Dataset extract:
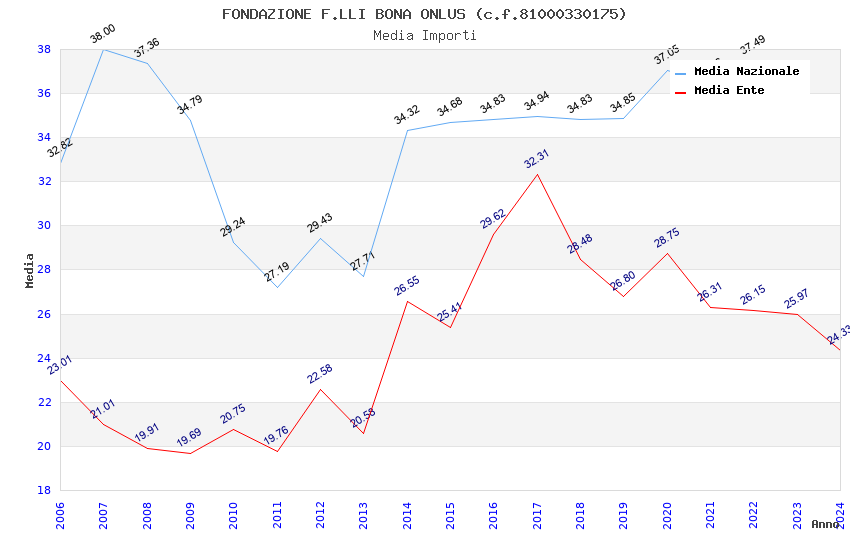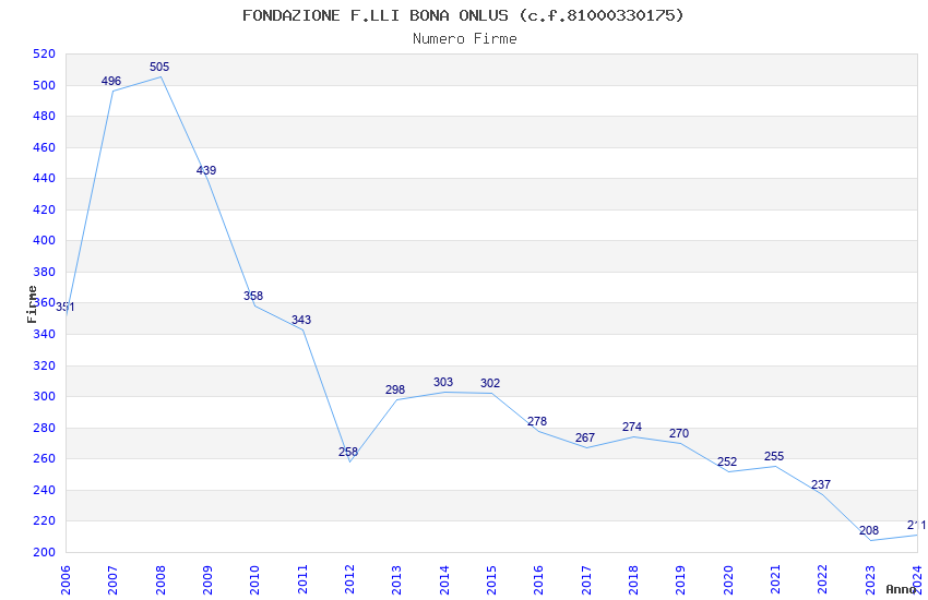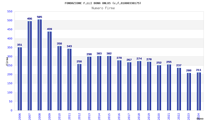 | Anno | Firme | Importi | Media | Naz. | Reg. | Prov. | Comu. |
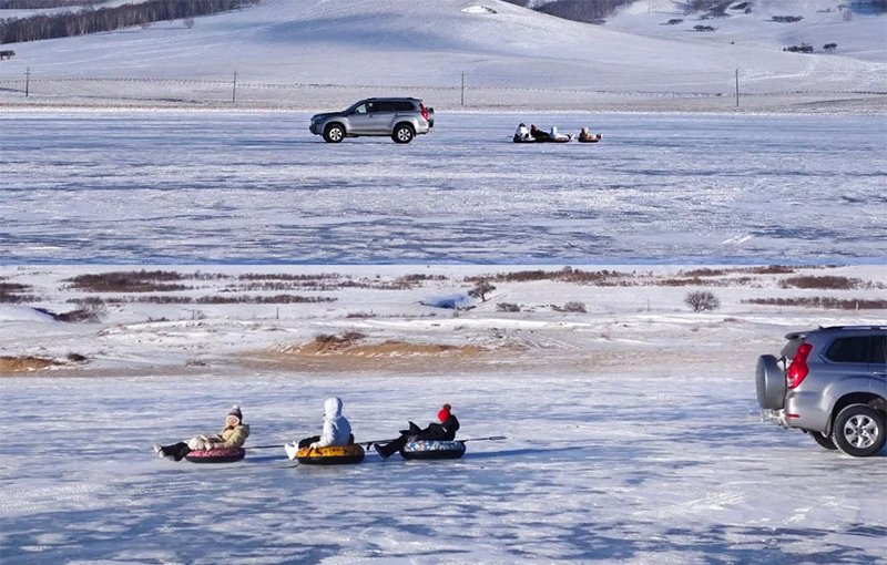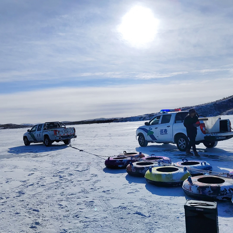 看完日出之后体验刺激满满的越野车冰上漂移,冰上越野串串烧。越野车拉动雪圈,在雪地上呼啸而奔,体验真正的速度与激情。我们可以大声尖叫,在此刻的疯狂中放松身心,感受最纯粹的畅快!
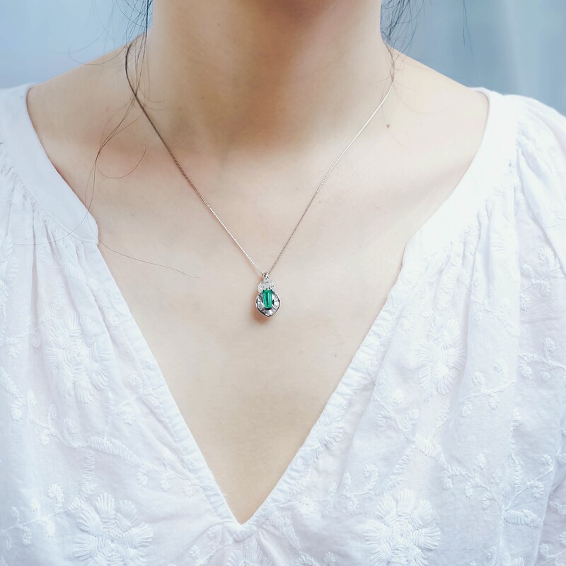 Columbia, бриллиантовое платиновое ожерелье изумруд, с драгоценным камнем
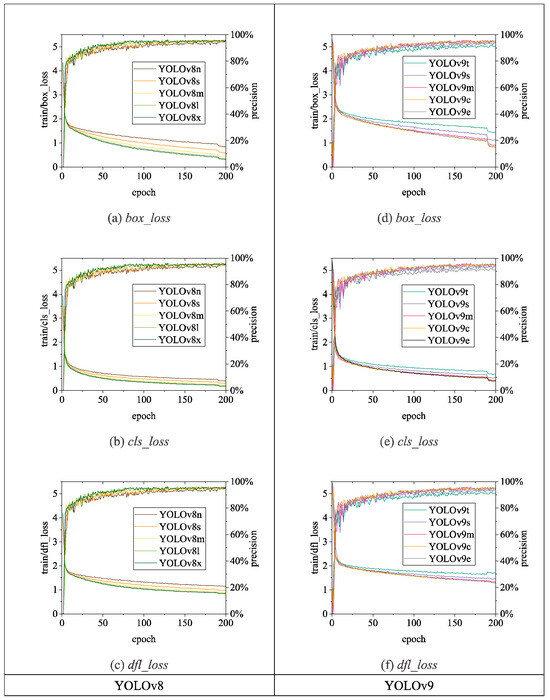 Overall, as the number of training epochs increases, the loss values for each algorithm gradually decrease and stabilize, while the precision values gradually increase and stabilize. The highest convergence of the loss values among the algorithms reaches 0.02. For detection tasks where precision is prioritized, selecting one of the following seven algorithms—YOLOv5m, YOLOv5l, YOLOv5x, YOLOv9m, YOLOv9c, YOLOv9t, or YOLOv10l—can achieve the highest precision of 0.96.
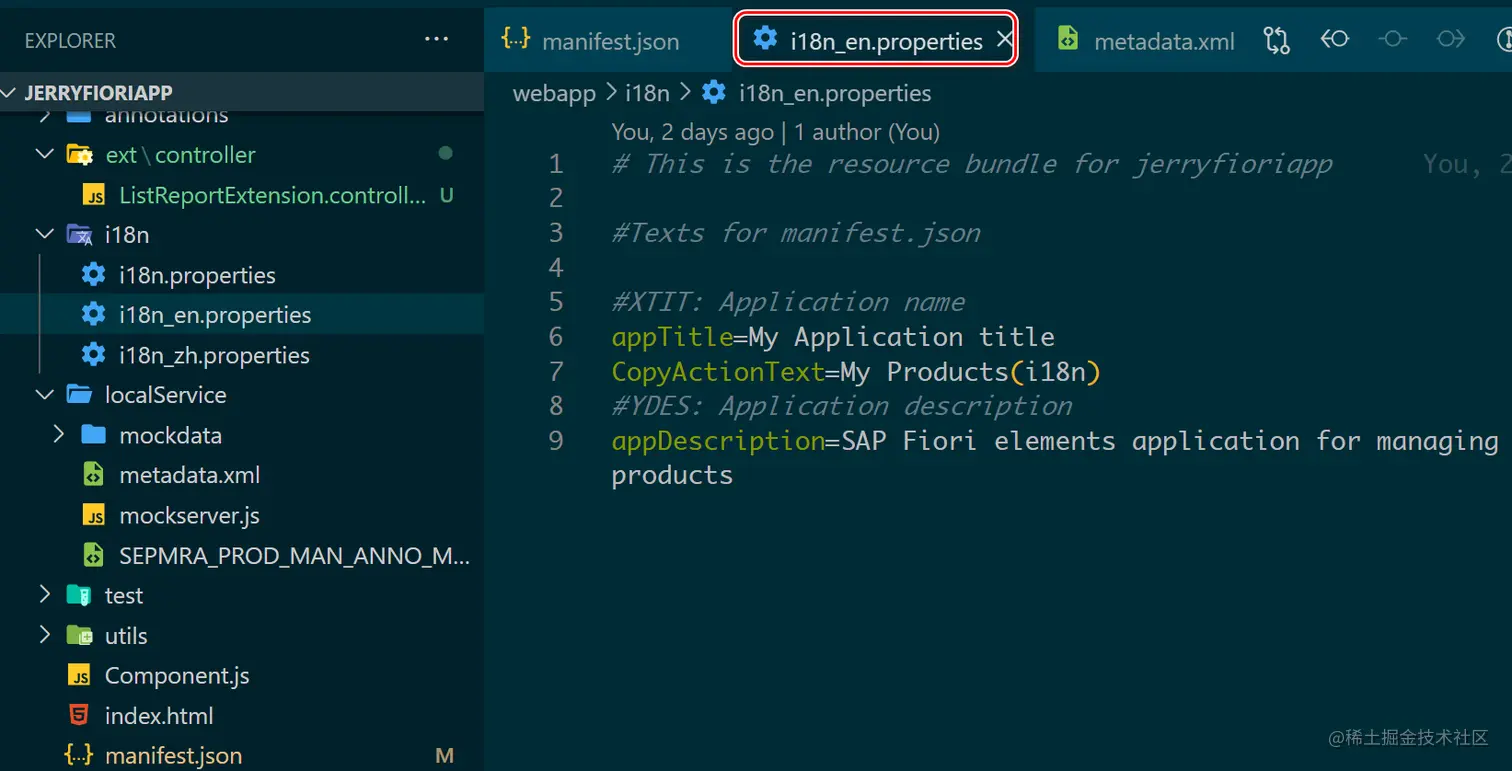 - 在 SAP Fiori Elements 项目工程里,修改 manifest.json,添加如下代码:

What you are asked to do:
Retype, without any picture, exactly the lines from the one with "Overall, as the" through the end of the entries, inclusive.

Output:
 Overall, as the number of training epochs increases, the loss values for each algorithm gradually decrease and stabilize, while the precision values gradually increase and stabilize. The highest convergence of the loss values among the algorithms reaches 0.02. For detection tasks where precision is prioritized, selecting one of the following seven algorithms—YOLOv5m, YOLOv5l, YOLOv5x, YOLOv9m, YOLOv9c, YOLOv9t, or YOLOv10l—can achieve the highest precision of 0.96.
 - 在 SAP Fiori Elements 项目工程里,修改 manifest.json,添加如下代码:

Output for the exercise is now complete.